Corporate results: From loss-making to profitable, SNGPL turns things around

Gas utility reports profit of Rs124m in FY16 against loss of Rs2.4b in FY15

The officials said that the LNG supplies were being arranged by PSO through competitive bidding process as well as under the government-to-government arrangements from Qatar. PHOTO: FILE

ISLAMABAD:
The Sui Northern Gas Pipeline Limited (SNGPL) has become a profit-making company from due to significant reduction in losses.

According to a notice sent to the Pakistan Stock Exchange, the company reported a profit of Rs124 million in the financial year 2015-16 against a loss of Rs2.4 billion in financial year 2014-15. The company’s earnings per share were Rs0.20 compared to Rs3.93 loss per share in 2014-15.

The actual profit in 2015-16 was Rs2.5 billion but Oil and Gas Regulatory Authority (Ogra) had made adjustments in arrears of the last three years, resulting in reduction of profit, a senior official of SNGPL told The Express Tribune.

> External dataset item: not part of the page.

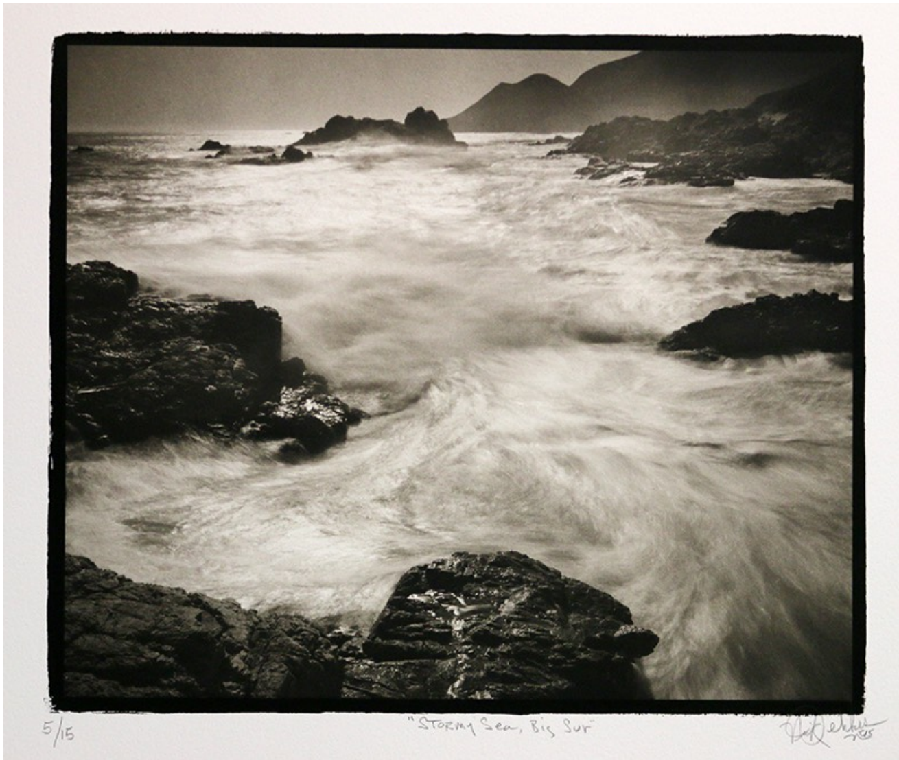
12 - Nick Dekker, Stormy Sea, Big Sur, CA 1995, Platinum Print, 2001, medium size on 16x20" paper, signed and numbered

He said that major contributors in turning around the company were reduction in losses and increased assets. He said that unaccounted-for-gas (UFG) stood at 10.98% in 2014-15, which came down to 9.21%. Following the augmentation of pipeline projects in the future company’s assets would be further increased, the official added.

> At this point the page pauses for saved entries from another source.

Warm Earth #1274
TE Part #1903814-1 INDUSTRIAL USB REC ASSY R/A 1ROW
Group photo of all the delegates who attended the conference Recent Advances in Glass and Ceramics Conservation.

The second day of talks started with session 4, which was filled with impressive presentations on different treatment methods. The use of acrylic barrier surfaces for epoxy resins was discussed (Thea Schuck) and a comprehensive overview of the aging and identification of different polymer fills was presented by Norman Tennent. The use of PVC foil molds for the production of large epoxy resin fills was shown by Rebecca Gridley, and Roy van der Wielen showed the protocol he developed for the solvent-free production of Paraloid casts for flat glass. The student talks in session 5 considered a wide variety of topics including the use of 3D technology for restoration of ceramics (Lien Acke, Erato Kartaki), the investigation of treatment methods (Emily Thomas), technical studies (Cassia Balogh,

SNGPL’s UFG loss, caused by gas stealing and system leakages, dropped to 9.21% in June 2016, resulting in improved earnings for the gas utility. Now, the losses have further decreased.


Apart from this, the company is working on augmenting its pipeline network to enhance capacity and transmit 1.2 billion cubic feet of liquefied natural gas per day.

“The UFG loss has fallen further to 8.3% and its impact will be reflected in the company’s upcoming revenue requirement,” revealed a senior official of SNGPL while talking to The Express Tribune. “A 1% reduction in the UFG level means injection of Rs2 billion into its profit.”

According to the official, Ogra allows recovery of 4.5% UFG loss from gas consumers whereas the remaining burden is borne by the company. The decline in UFG level will provide the company an opportunity to stave off a major hit to its balance sheet.

Published in The Express Tribune, December 14th, 2016.